1 Département d'Informatique, Université du Québec à Montréal, Montréal, QC, Canada.
2 McGill University and Genome Quebec Innovation Centre, Montréal, QC, Canada.
SLAS Discov. 2018 Jun;23(5):448-458. doi: 10.1177/2472555217750377. Epub 2018 Jan 18.

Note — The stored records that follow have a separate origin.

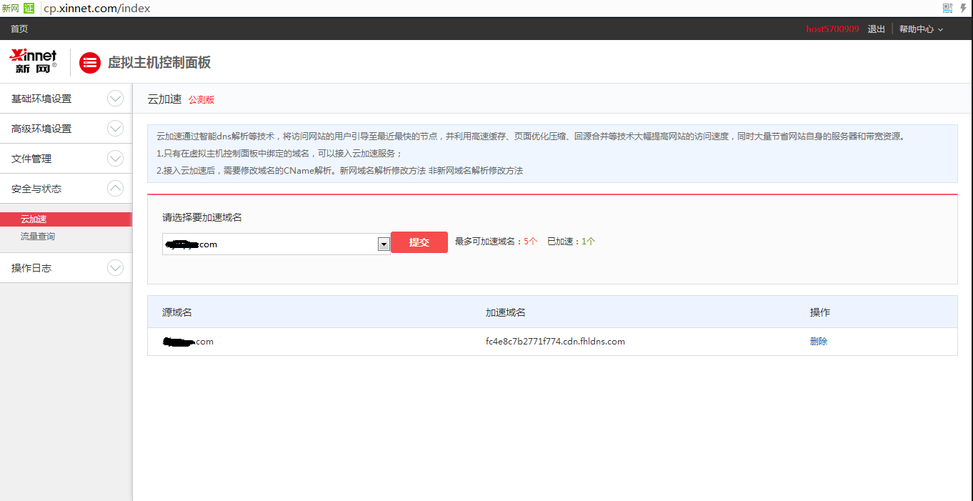 1. 登錄cp.xinnet.com,選擇“安全與狀態(tài)”,選擇“云加速”;
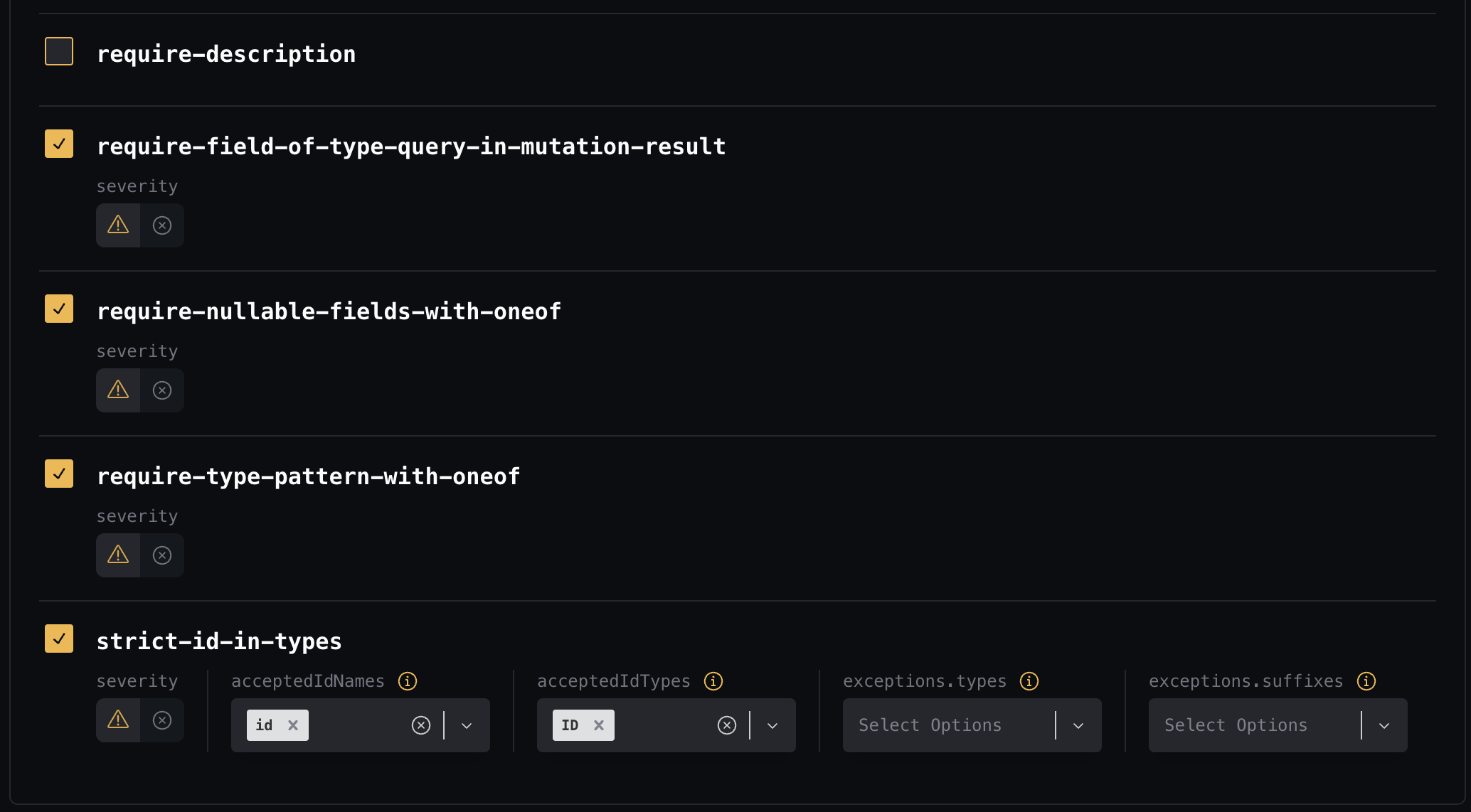 Every rule activated in the policy can be configured with the corresponding options. Some rules might only have the severity option, but some rule can be configured with additional options to ensure flexibility.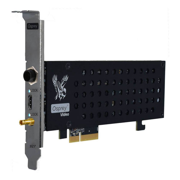 The Osprey Raptor Series 927 PCle Capture features one HDMI connection rated at 4K30 (HDMI 1.4) plus one SDI connection rated at 3G. The HDMI Input supports 8 embedded Audio Channels (4 Stereo), the SDI input 16 embedded Audio Channels (8 Stereo). In addition to embedded Audio, Osprey 927 also supports a pair each of Balanced and Un-Balanced Analog Stereo Audio.
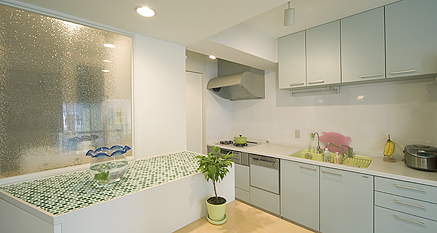 時間をかけてようやく納得できるものを探したこのシートは、光を受けると小さな粒子のようなものがキラキラと光り、まるで虹のように見えます。これには小学生のお嬢様も大喜び。結果として、リビング側から見た時は空間のアクセントとなり、視線を遮りながらも洗面室に自然光を取り込むことに成功。また、ナチュラルなトーンのカウンターに置かれた白いスクエア型の洗面ボウルと、ガラスを通して光る明るいガラスは、マンションとは思えない程の開放感を感じさせます。
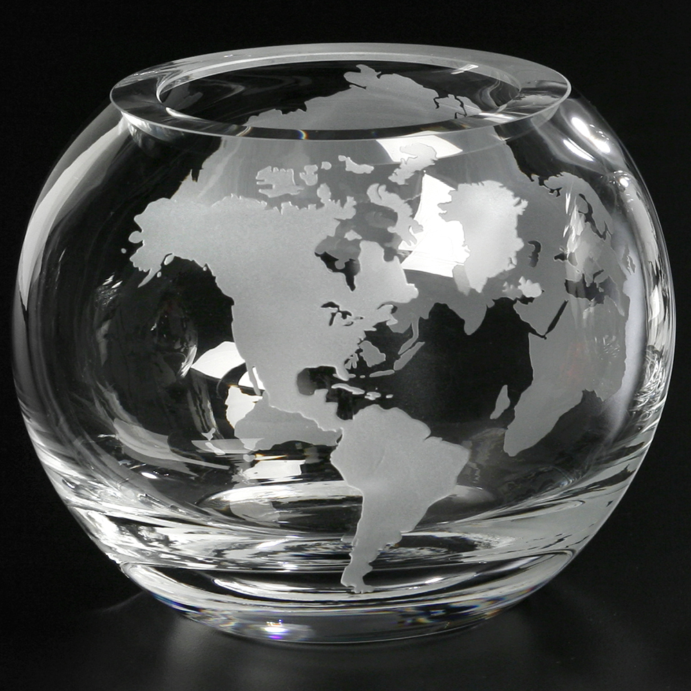 Deeply etched continents encircle these hand-blown crystal bowl trophies. Create a world class impression with a magnificent bowl trophy.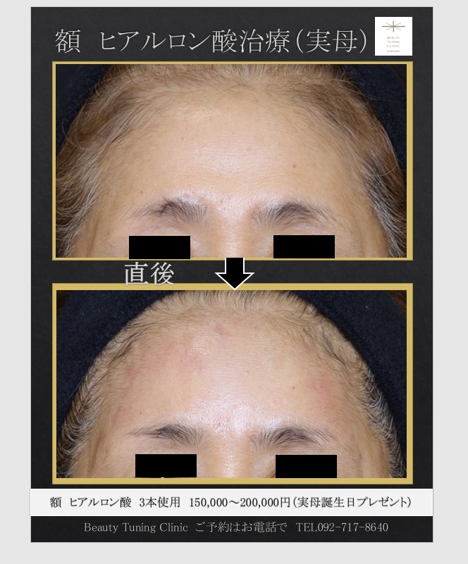Posted on 11 11月 2019 / Off / Beauty Tuning Clinic -美容調律診療所-額へのヒアルロン酸注入症例(実母72歳)←誕生日プレゼント ボトックスについて, ヒアルロン酸について ヒアルロン酸, 症例
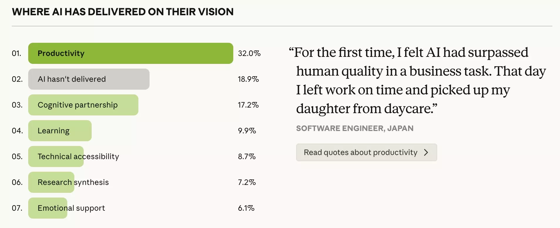 অ্যানথ্রোপিক সমীক্ষা অনুসারে, পেশাগত ক্ষেত্রে এআই-এর ব্যবহার এখন পর্যন্ত সবচেয়ে বেশি প্রত্যাশিত। অংশগ্রহণকারীদের একটি উল্লেখযোগ্য অংশ বিশ্বাস করেন যে এই প্রযুক্তিগুলো কিছু পুনরাবৃত্তিমূলক কাজ স্বয়ংক্রিয় করার মাধ্যমে তাদের কাজের দক্ষতা উন্নত করতে পারে।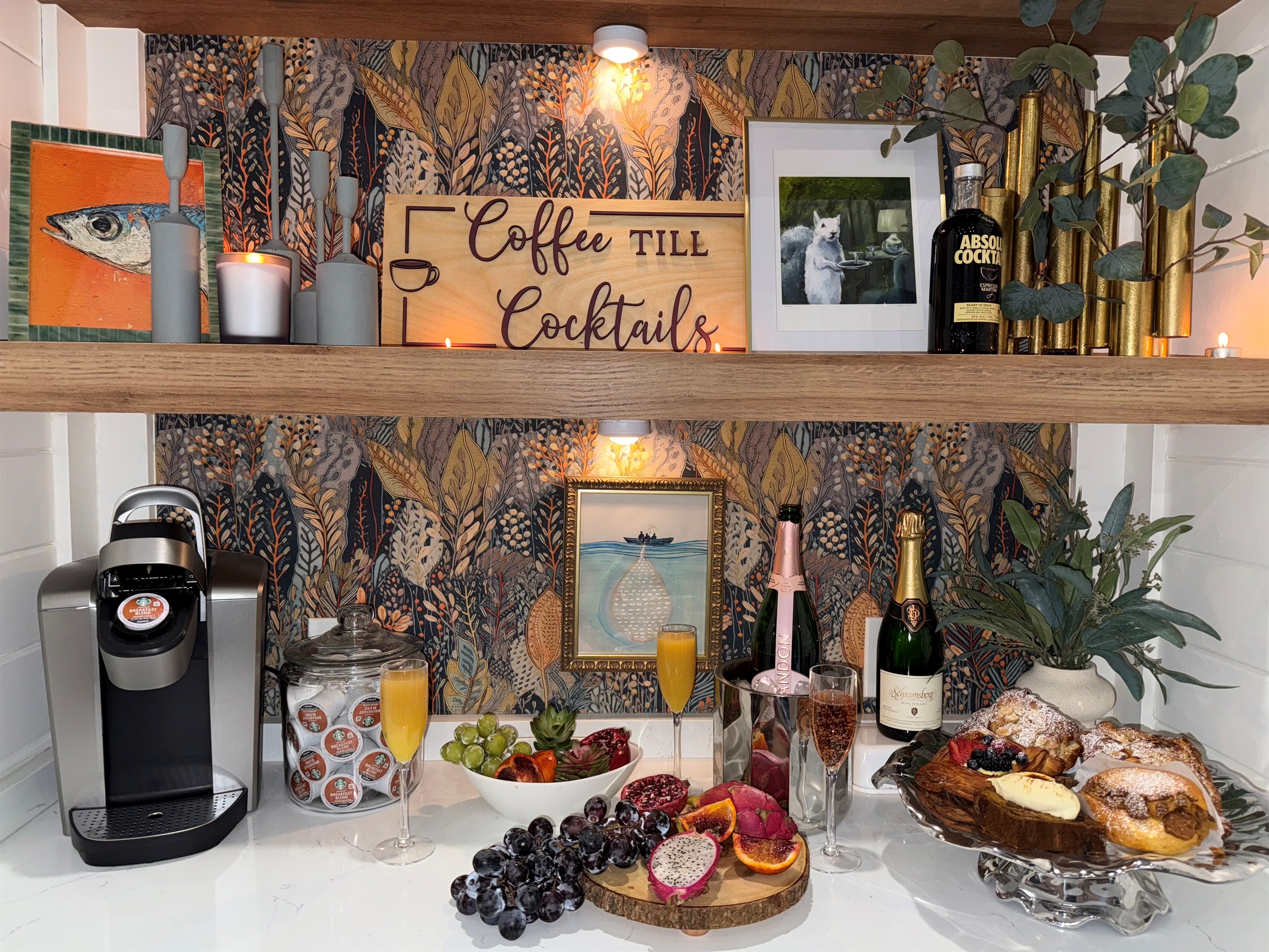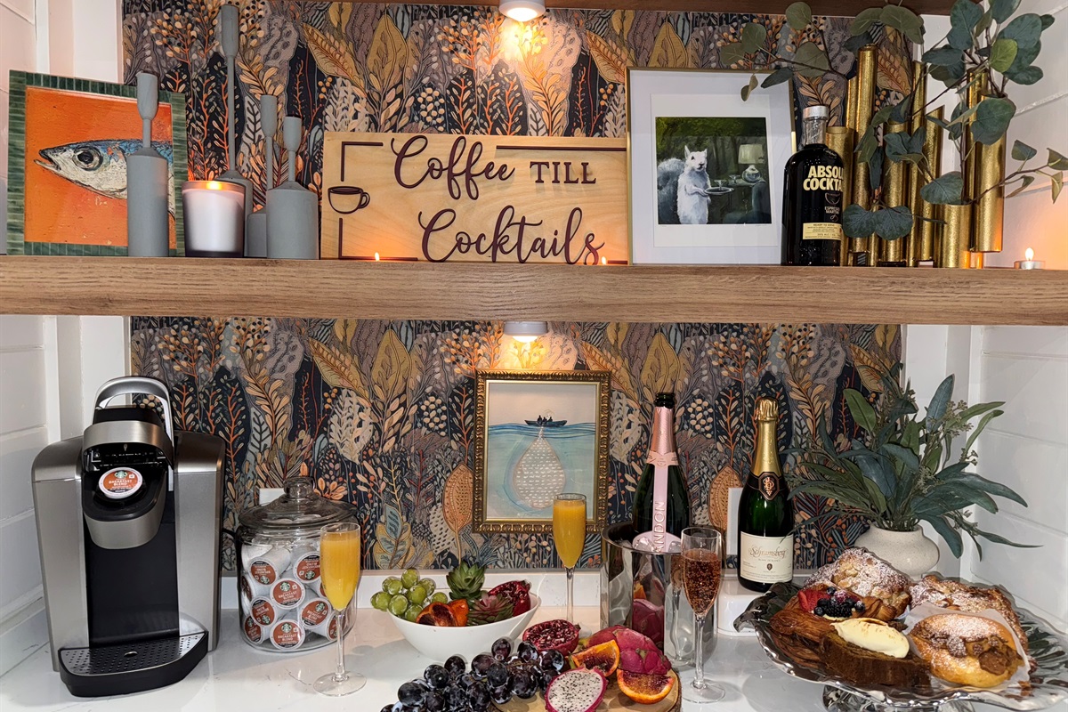 β Coffee bar with Keurig, filters, creamer & K-Cups

Data generated by high-throughput screening (HTS) technologies are prone to spatial bias. Traditionally, bias correction methods used in HTS assume either a simple additive or, more recently, a simple multiplicative spatial bias model. These models do not, however, always provide an accurate correction of measurements in wells located at the intersection of rows and columns affected by spatial bias. The measurements in these wells depend on the nature of interaction between the involved biases. Here, we propose two novel additive and two novel multiplicative spatial bias models accounting for different types of bias interactions. We describe a statistical procedure that allows for detecting and removing different types of additive and multiplicative spatial biases from multiwell plates. We show how this procedure can be applied by analyzing data generated by the four HTS technologies (homogeneous, microorganism, cell-based, and gene expression HTS), the three high-content screening (HCS) technologies (area, intensity, and cell-count HCS), and the only small-molecule microarray technology available in the ChemBank small-molecule screening database. The proposed methods are included in the AssayCorrector program, implemented in R, and available on CRAN.
高通量筛选 (HTS) 技术产生的数据容易出现空间偏倚。传统上,HTS 中使用的偏倚校正方法假设要么是简单的加性模型,要么是最近提出的简单乘法空间偏倚模型。然而,这些模型并不总是能够准确校正位于受空间偏倚影响的行和列交叉处的孔中的测量值。这些孔中的测量值取决于涉及的偏倚之间相互作用的性质。在这里,我们提出了两种新的加性和两种新的乘法空间偏倚模型,用于解释不同类型的偏倚相互作用。我们描述了一种统计程序,该程序允许从多孔板中检测和去除不同类型的加性和乘法空间偏倚。我们通过分析来自四种 HTS 技术(均相、微生物、基于细胞和基因表达 HTS)、三种高内涵筛选 (HCS) 技术(面积、强度和细胞计数 HCS)以及唯一可用的小分子筛选数据库 ChemBank 中的小分子微阵列技术生成的数据,展示了如何应用此过程。所提出的方法包含在 R 中实现的 AssayCorrector 程序中,并可在 CRAN 上获得。